Employ lightweight predictor heads.
Prefer current weight initialization and moderate regularization (weight decay, spectral norm) when needed.
Avoid unnecessary contrastive negatives in JEPA-style self-distillation due to near-automatic suppression of noise via StopGrad.

Early stopping or aggressive learning-rate schedules are not only sufficient but beneficial for yielding clean, abstract representations. This principle directly underpins POMA-JEPA's downstream label efficiency in molecular property prediction and geometric QA tasks (Piccoli et al., 22 Jun 2025, Mao et al., 20 Nov 2025).

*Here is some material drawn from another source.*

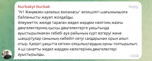 "Администрация Жанаозенской городской больницы №1 в связи с вашей жалобой поясняет.
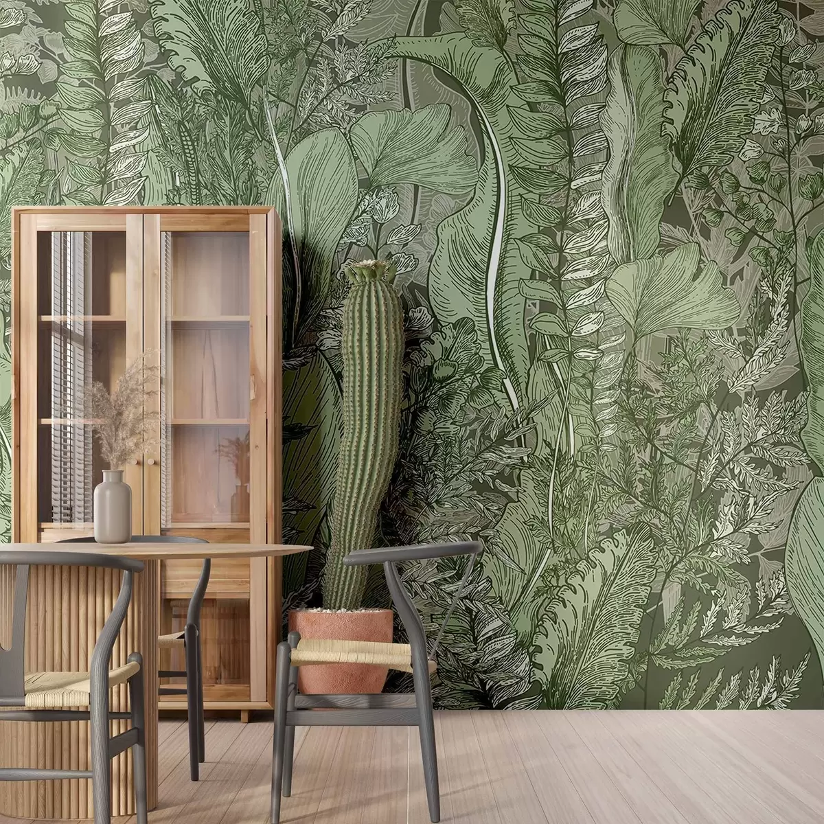 Valokuvatapetti Rehevä, vehreä metsä, jossa on erilaisia saniaisia, lehtiä ja lehtiä vihreän eri sävyissä Nr w08579

6. Comparative Summary and Domain-Specific Extensions

POMA-JEPA, as realized in polymer graph SSL, 3D scene representation, and positronium tomography, uniquely positions itself as an alternative to input-space masked autoencoding. Direct comparison to input-space SSL in polymers shows superior $R^2$ and transfer robustness at low label fractions; in 3D, it complements view-to-scene alignment, injecting geometric consistency. In positronium imaging, the analytic inversion and imaging pipeline derived from JEPA-style reasoning achieves lifetime sensitivity unachievable in pure input-reconstruction schemes.

Researchers continue to explore extensions:

Chemistry-aware or adaptive patching in polymers.
Multimodal fusions (e.g., augmenting graph-based representations with sequence or spectral modalities).
Cross-domain transfer in geometric tasks via compounded alignment and prediction losses.
Application to total-body PET for clinical spatial-lifetime mapping.

POMA-JEPA thus establishes a unifying paradigm for representation learning in structured and high-dimensional domains, efficiently harnessing the self-distillation bias toward semantics and away from noise (Littwin et al., 3 Jul 2024, Piccoli et al., 22 Jun 2025, Mao et al., 20 Nov 2025, Moskal et al., 2018).